%\VignetteIndexEntry{Tutorial of flowPeaks package}
%\VignetteKeywords{Preprocessing,clustering,statistics, flow cytometry}
%\VignettePackage{flowPeaks}
\documentclass{article}
\usepackage{cite, hyperref}
\renewcommand\floatpagefraction{.9}
\renewcommand\topfraction{.9}
\renewcommand\bottomfraction{.9}
\renewcommand\textfraction{.1}

%%remove the connecting ~ due the bug of the tex2div in ubuntu to deal with 
%%tilde
\title{A guide to use the flowPeaks: a flow cytometry 
  data clustering algorithm via $K$-means and density peak finding }
\author{Yongchao Ge}

\begin{document}
\setkeys{Gin}{width=0.9\textwidth}

\maketitle
\begin{center}
{\tt yongchao.ge@gmail.com}
\end{center}
\textnormal{\normalfont}
\section{Licensing}
Under the Artistic License, you are free to use and redistribute this software. 
However, we ask you to cite the following paper if you use this software for publication. 
\begin{itemize}
\item Ge Y. et al, flowPeaks: a fast unsupervised clustering for flow
cytometry data via $K$-means and density peak finding, 2012, Bioinformatics 8(15):2052-8. 
\end{itemize}

\section{Overview}
We combine the ideas from the finite mixture
model and histogram spatial exploration together to find the clustering of the 
flow cytometry data. This new algorithm,
in which we called \texttt{flowPeaks}, can be applied to high dimensional data
and identify irregular shape clusters. The algorithm first uses $K$-means
algorithm with a large $K$ to partition the population into many compact clusters. These partitioned data allow us to generate
a smoothed density function. All local peaks are exhaustedly found
by exploring the density function and the cells are clustered by the
associated local peak. The algorithm flowPeaks ia automatic, fast and
reliable and robust to the cluster shape and outliers. Details can be seen in 
the paper by Ge (2012).

\section{Installation}
\subsection{All users}
When you are reading this and find the R package is already available in the Bioconductor package repository. You
can install it directly from Bioconductor.
\begin{itemize}
\item {\bf Windows users}:  select the menu ``Packages'' and then click 
  ``Select repositories...'' and choose ``BioC software''. And then select the menu `Packages''
click ``install R package(s)...'' and then look for the package flowPeaks.
  \item {\bf Linux users}: This also works for Windows users. Type the following after you have invoked R
\begin{verbatim}
> if (!requireNamespace("BiocManager", quietly=TRUE))
    > install.packages("BiocManager")
> BiocManager::install("flowPeaks")
\end{verbatim}
\end{itemize}
If this succeeds, congratulations, you can ignore the rest of this section and skip to Section 4.
\subsection{Windows Users}
Please read section 3.1 to install the R package from Bioconductor 
before proceeding this.
If you have the prebuilt binary of \textbf{flowPeaks} zip file, 
you can install the package by selecting the menu ``Packages'', and then ``Install packages from a local zip file'', and then point to 
prebuilt binary of \textbf{flowPeaks} zip file.
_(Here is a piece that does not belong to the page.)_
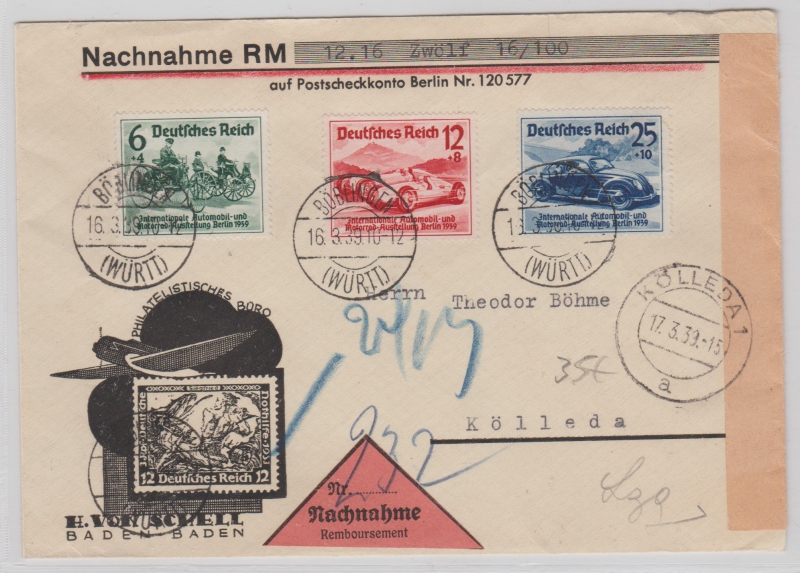 DR. Nrn.: 686- 688 als Nachnahme- Satzbrief, von Böblingen nach Kölleda, sehr dekorativ!

To build \textbf{flowPeaks} from the source by using Rtools is very not straightforward. R novices are not encouraged to try this. 
Experienced R users need to carefully follow the instruction of the Rtools (\url{http://www.murdoch-sutherland.com/Rtools/}) and \url{http://cran.r-project.org/doc/manuals/R-admin.html#The-Windows-toolset}. The GSL library needs to be downloaded from the file \texttt{local215.zip} at 
\url{http://www.stats.ox.ac.uk/pub/Rtools/goodies/multilib/}. 
The top folder (\texttt{top\_path\_local}) of the extracted file \texttt{local215.zip} should contain three subfolders: include, share and lib. The next step is to modify the file \texttt{flowPeaks/src/Makevar.win} as below.
    \begin{itemize}
    \item \texttt{PKG\_LIBS += -L(top\_path\_local)/lib/\$(R\_ARCH)/ -lgsl -lgslcblas -lm}
    \item \texttt{PKG\_CXXFLAGS += -I(top\_path\_local)/include}
    \end{itemize}

The users are not encouraged to compile their own gsl library by MinGW or Visual Studio. Most likely their own version of gsl library is not going to work. 


\subsection{Linux Users}
To build the \textbf{flowPeaks} package from the source, make sure that the following is present on your system:
\begin{itemize}
\item C++ compiler
\item GNU Scientific Library (GSL)
\end{itemize}
A C++ compiler is needed to build the package as the core function is coded in C++. 
GSL can be downloaded directly from \url{http://www.gnu.org/software/gsl/} and follow its instructions to install the GSL from the source code.
Alternatively, GSL can also be installed from your linux specific package
manager (for example,  Synaptic Package Manager for Ubuntu system). Other than the GSL binary library, please make sure the GSL development package is also installed, which includes the header files when building \textbf{flowPeaks} package. 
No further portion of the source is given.